Signings of papers with benefit to thieves, cunts and gentlemen one and the same. Seraphim have gathered to dance on the aftermath. Raphael has fallen. He waits, restless. Birds wander, lost, uncertain of South. Gale winds whip yet no sign of frost North. Ravages of war display themselves by empty hives and still bodies of bees. Azrael has cast his shadow. Once sapphire oceans loomed, cradling bodies of dead seal and hospital waste. Headlines of newspapers wedged into sand, declare new Presidents smiling in faded suits. How to View a Decade There is a carnal fluidity in viewing a decade. It masquerades as sweet musk on layers of tissue we hold objects in. Dulled photographs.
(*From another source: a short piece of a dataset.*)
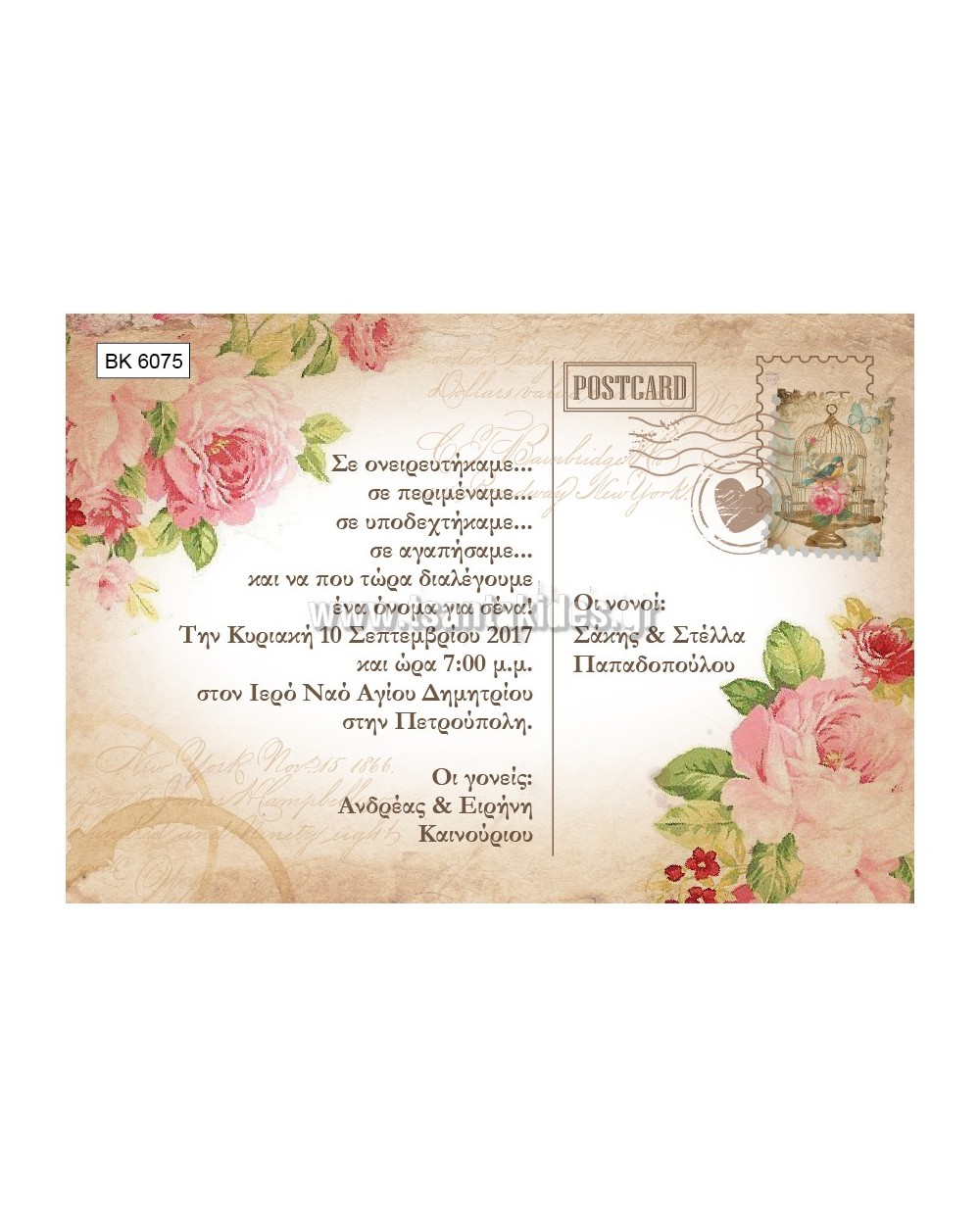 (ΒΚ-6075) Προσκλητήριο Βάπτισης Φλοράλ

Smooth stone. Bric-a-brac. We clearly resolve their importance unwrapping them through memory. Memory has channels of flow and sometimes chooses its way like a prospectus. The decade a mere sketch of itself, drawn clean, erased of sleep or stillness. When referring to a decade of youth there is a smoldering cinder, a pile of ashed flesh and heat. Wrapped in soft pink tissue. Trinkets commemorate, screen defective parts out. This is how we view a decade. Prolific of prosody. As if time tossed years of gain without loss. 17


A carnal weeping out. Escaped heat. The end of it preserved in pressed things. Leaves and concert stubs. Four leaf clovers and musty hotel receipts.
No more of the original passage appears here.